EBA published two reports that examine the consistency of risk-weighted assets (RWAs) across EU institutions authorized to use internal approaches for the calculation of capital requirements for 2020. The reports analyze the variability observed in risk-weighted assets for market risk and credit risk, including high- and low-default portfolios. EBA also published a document (Annex) that presents the methodological choices and caveats on the credit risk benchmarking exercise analysis. The results of the benchmarking exercise on credit and market risks confirm that the majority of risk-weight variability can be explained by fundamentals.

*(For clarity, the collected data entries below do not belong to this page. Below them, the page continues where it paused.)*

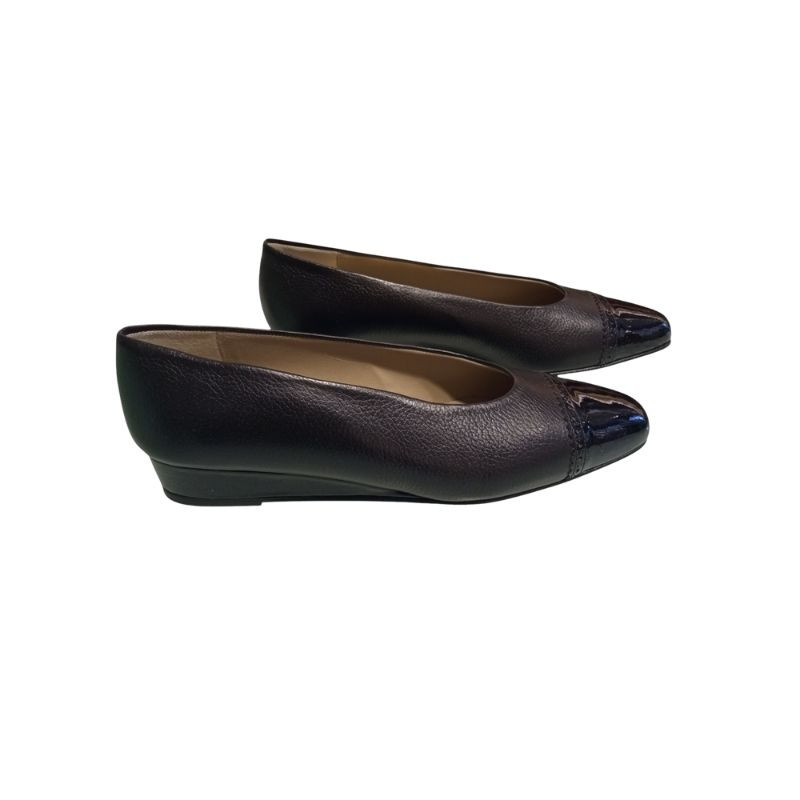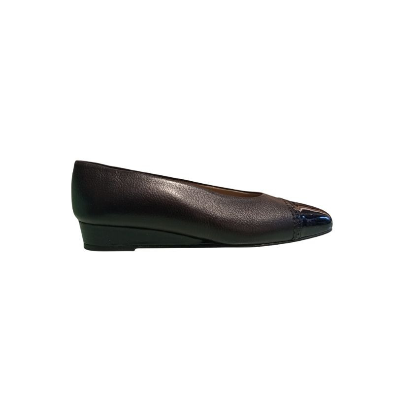 SALÓN CUÑA PIEL Y PUNTA CHAROL NEGRO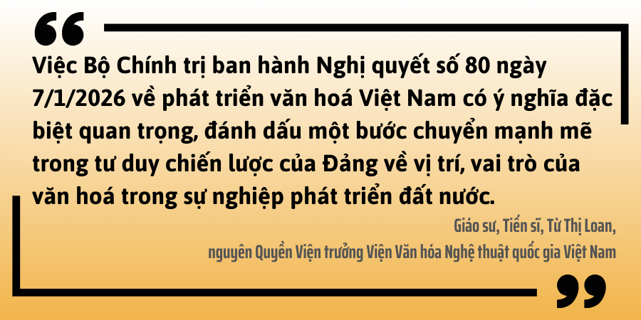 Theo Giáo sư, Tiến sĩ, Từ Thị Loan, nguyên Quyền Viện trưởng Viện Văn hóa Nghệ thuật quốc gia Việt Nam, “Việc Bộ Chính trị ban hành Nghị quyết số 80 ngày 7/1/2026 về phát triển văn hoá Việt Nam có ý nghĩa đặc biệt quan trọng, đánh dấu một bước chuyển mạnh mẽ trong tư duy chiến lược của Đảng về vị trí, vai trò của văn hoá trong sự nghiệp phát triển đất nước. Nghị quyết ra đời trong bối cảnh Việt Nam bước vào giai đoạn phát triển mới với yêu cầu vừa tăng trưởng nhanh, vừa phát triển bền vững, vừa khẳng định bản sắc và sức mạnh mềm quốc gia trong môi trường toàn cầu hoá và chuyển đổi số sâu rộng”.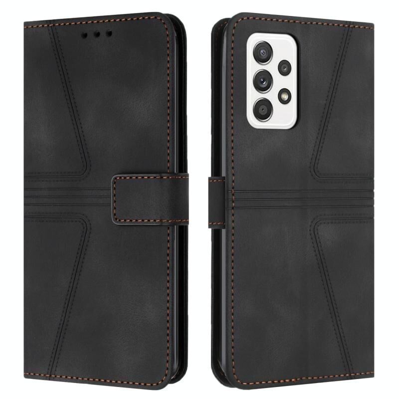 Για Samsung Galaxy A53 Τρίγωνο στερεό χρώμα δερμάτινη θήκη τηλεφώνου (μαύρο)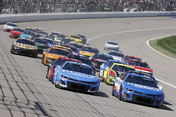 Even though Larson spent most of a hot, sunny day at Kansas in the lead, he found himself trailing Chase Elliott early in the final stage. But when Elliott’s team dropped the jack too soon before his right rear tire was on during a pit stop, Larson was able to get back to the front on the restart, and he spent the last 50 laps cruising to the checkered flag.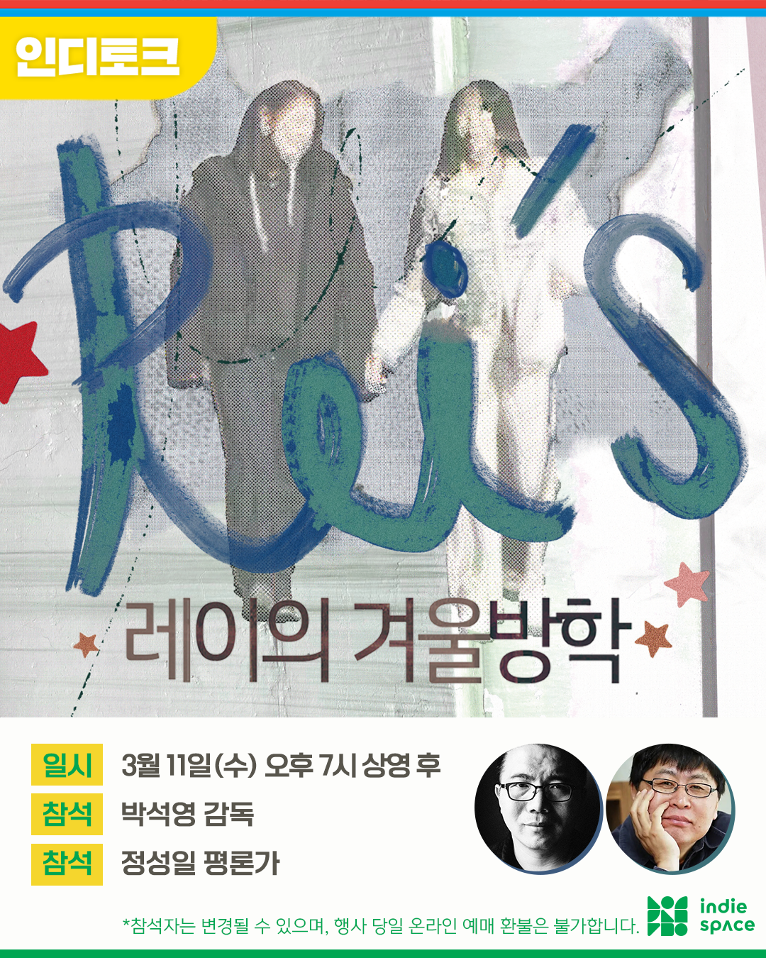 𖣠 네이버 등 포털 사이트에서 상영일정이 검색되지 않습니다. 인디스페이스 티켓은 [타이니 티켓]에서 예매할 수 있습니다.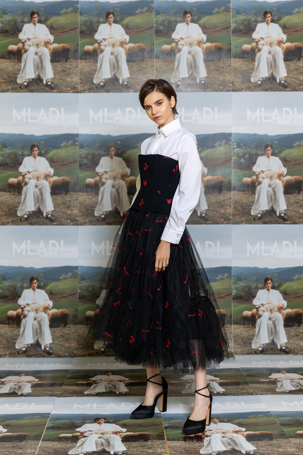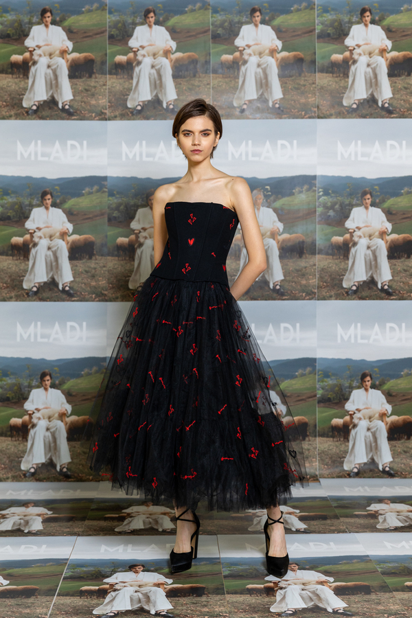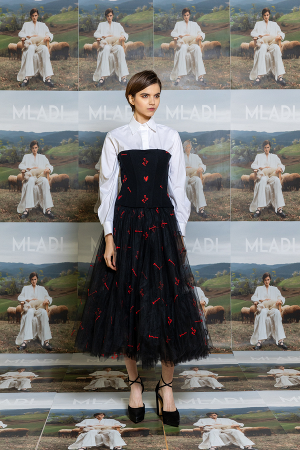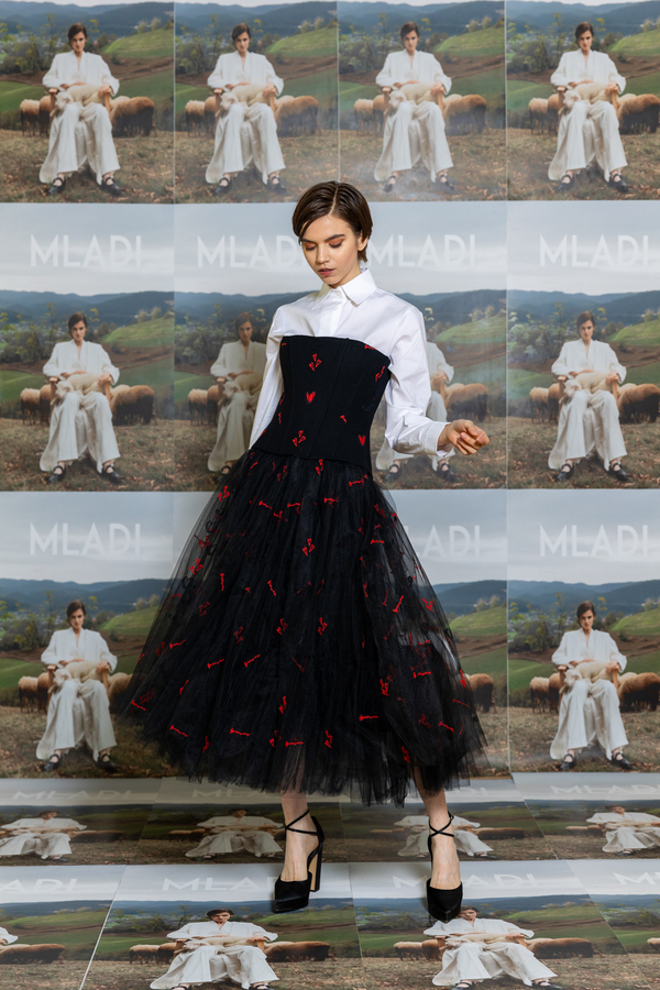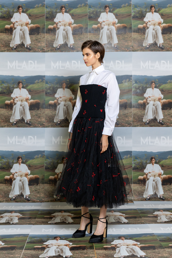 BLACK TULLE SKIRT WITH HEART EMBROIDERY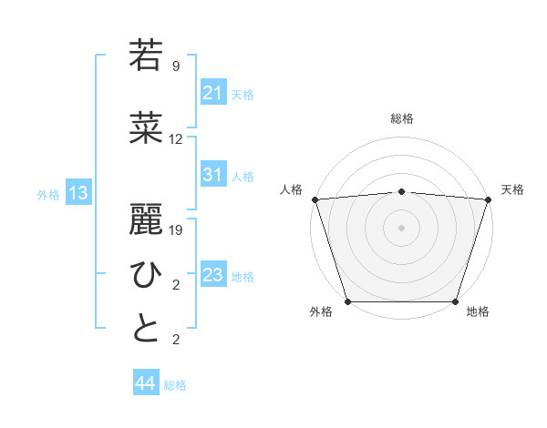 若菜 麗ひとさんの外格は13画の5点!

The report on credit risk benchmarking exercise presents key results of the 2020 supervisory benchmarking exercise for both high- and low-default portfolios. The results of the 2020 regular benchmarking analyses for credit risk are largely comparable to those of the last exercises, which is an indication of the general stability of bank portfolios and internal model outcomes. As in the past years, the observed variability of institutions’ overall internal ratings-based, or IRB, approach exposure can mostly be explained by the different share of defaulted and non-defaulted exposures and by the portfolio mix of the individual institutions. For both high- and low-default portfolios, nearly 60% of the total variability is explained via these two drivers. For high-default portfolios, the variability of risk-weights is mostly in line with the intention of the internal ratings-based approach. For the low-default portfolios, analysis at the counterparty level shows a slight decrease of the observed overall risk-weight variability for large corporates under the advanced internal ratings-based approach, but it remained mostly stable for the other analyzed LDP exposures. For the first time, the report also includes time an analysis on the newly introduced portfolios on specialized lending exposures. This analysis reveals that variability of risk-weighted assets calculated under the internal ratings-based approach for specialized lending exposures stems primarily from an unequal distribution across banks in terms of type and volume of investment into these exposures.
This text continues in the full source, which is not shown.